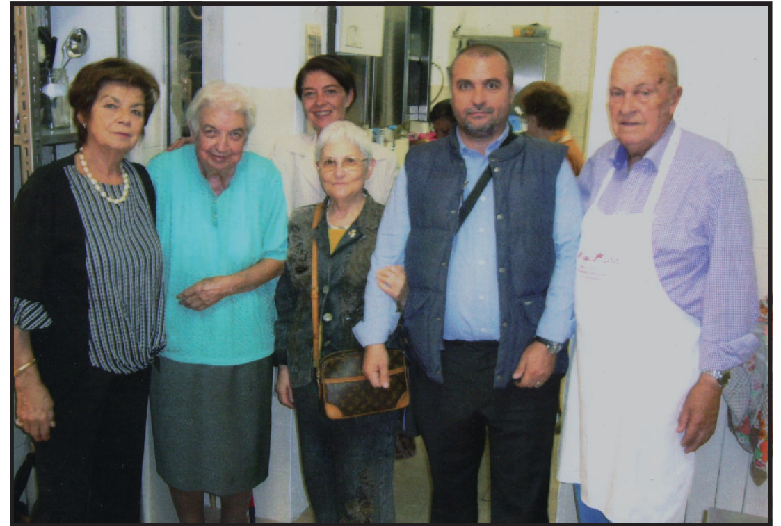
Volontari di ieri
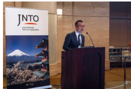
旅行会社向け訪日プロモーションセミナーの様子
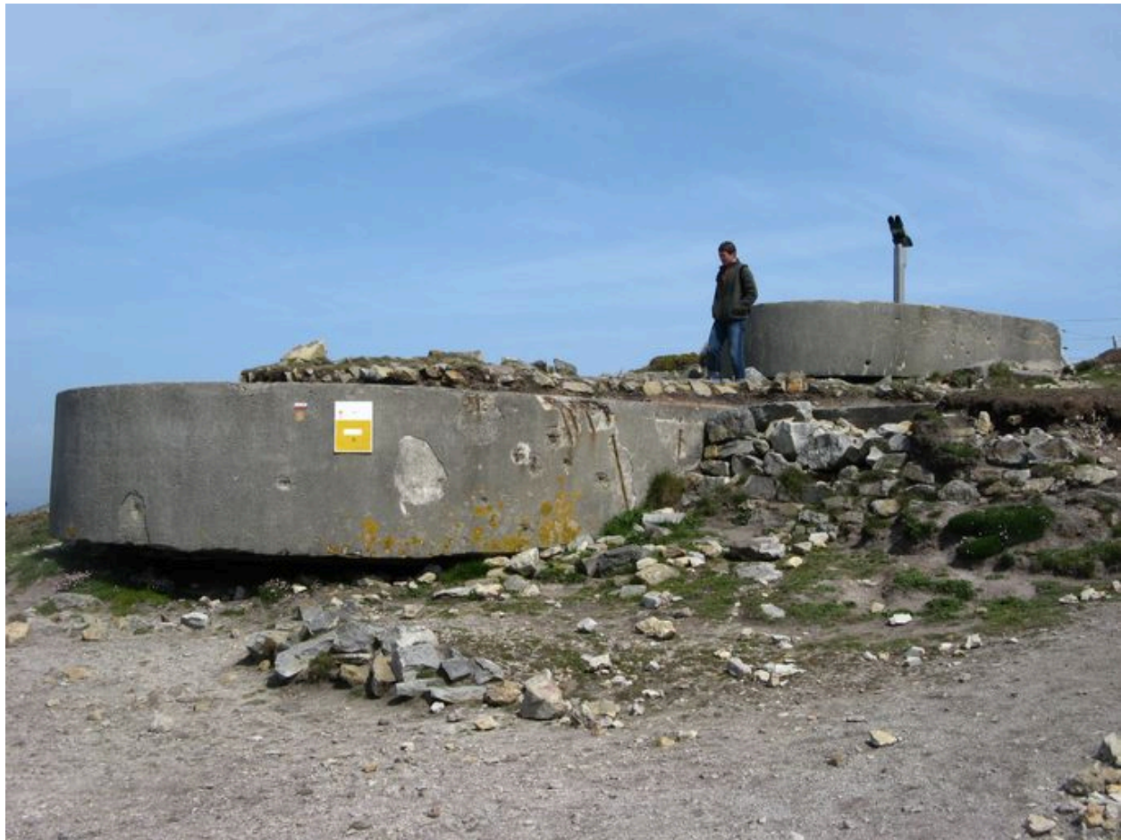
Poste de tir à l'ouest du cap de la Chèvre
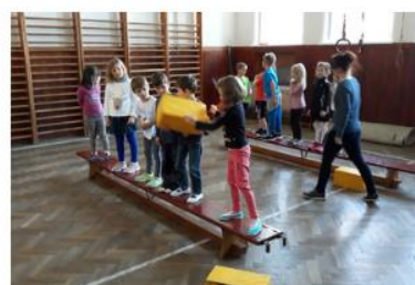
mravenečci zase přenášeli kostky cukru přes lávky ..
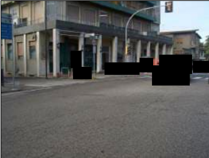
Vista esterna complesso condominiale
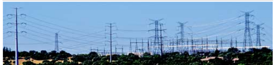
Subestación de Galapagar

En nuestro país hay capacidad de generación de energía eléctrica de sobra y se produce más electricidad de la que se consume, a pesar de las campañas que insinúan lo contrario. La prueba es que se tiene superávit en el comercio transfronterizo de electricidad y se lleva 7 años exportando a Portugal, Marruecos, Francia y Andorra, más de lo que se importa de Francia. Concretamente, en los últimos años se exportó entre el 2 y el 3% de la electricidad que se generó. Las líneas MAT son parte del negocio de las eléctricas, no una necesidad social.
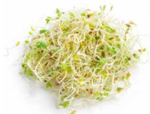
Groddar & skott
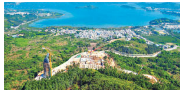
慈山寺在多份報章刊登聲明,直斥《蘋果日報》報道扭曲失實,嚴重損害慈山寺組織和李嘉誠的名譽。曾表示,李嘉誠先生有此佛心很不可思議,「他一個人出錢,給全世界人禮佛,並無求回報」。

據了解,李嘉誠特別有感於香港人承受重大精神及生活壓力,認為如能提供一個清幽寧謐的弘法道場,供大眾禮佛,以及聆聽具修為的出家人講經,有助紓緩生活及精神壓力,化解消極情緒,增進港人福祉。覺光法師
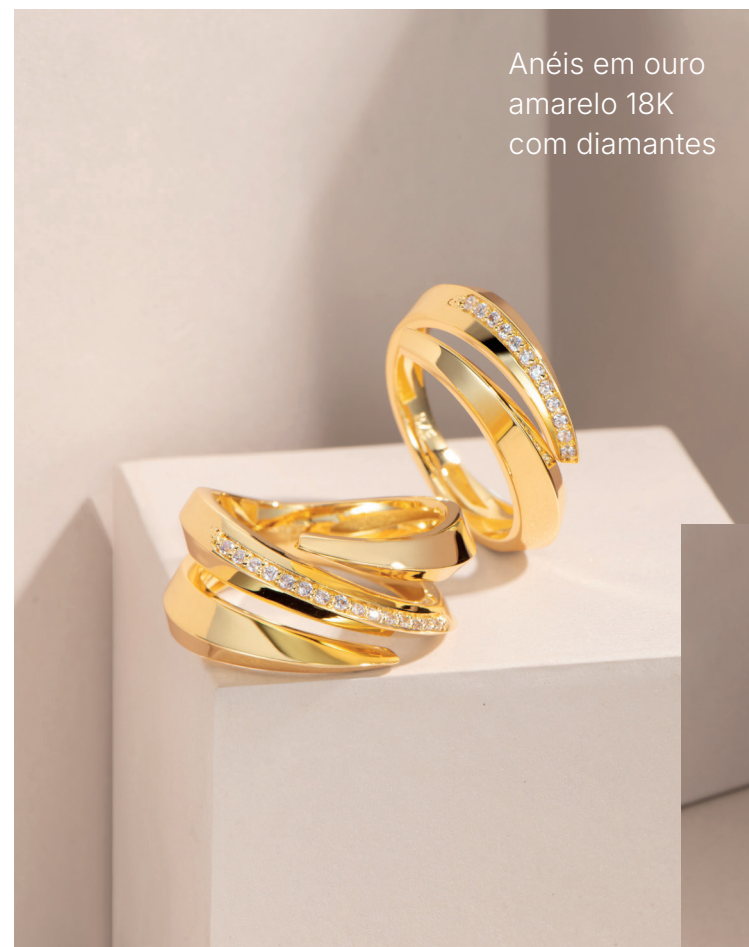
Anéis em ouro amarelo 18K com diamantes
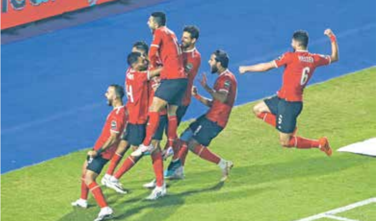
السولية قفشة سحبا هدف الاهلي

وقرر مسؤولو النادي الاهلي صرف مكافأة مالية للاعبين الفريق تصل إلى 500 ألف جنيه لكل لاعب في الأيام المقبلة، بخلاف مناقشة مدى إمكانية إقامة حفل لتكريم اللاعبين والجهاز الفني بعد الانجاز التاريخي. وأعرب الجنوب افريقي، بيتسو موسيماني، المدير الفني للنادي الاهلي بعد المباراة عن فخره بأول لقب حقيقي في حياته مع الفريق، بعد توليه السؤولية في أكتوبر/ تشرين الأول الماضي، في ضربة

---+---

**What you have to do:** Go from the first line of the listing to the line holding "Subestación de Galapagar" and, please, transcribe those lines exactly, both included, with no pictures.

**Solved exercise:**
Volontari di ieri
旅行会社向け訪日プロモーションセミナーの様子
Poste de tir à l'ouest du cap de la Chèvre
mravenečci zase přenášeli kostky cukru přes lávky ..
Vista esterna complesso condominiale
Subestación de Galapagar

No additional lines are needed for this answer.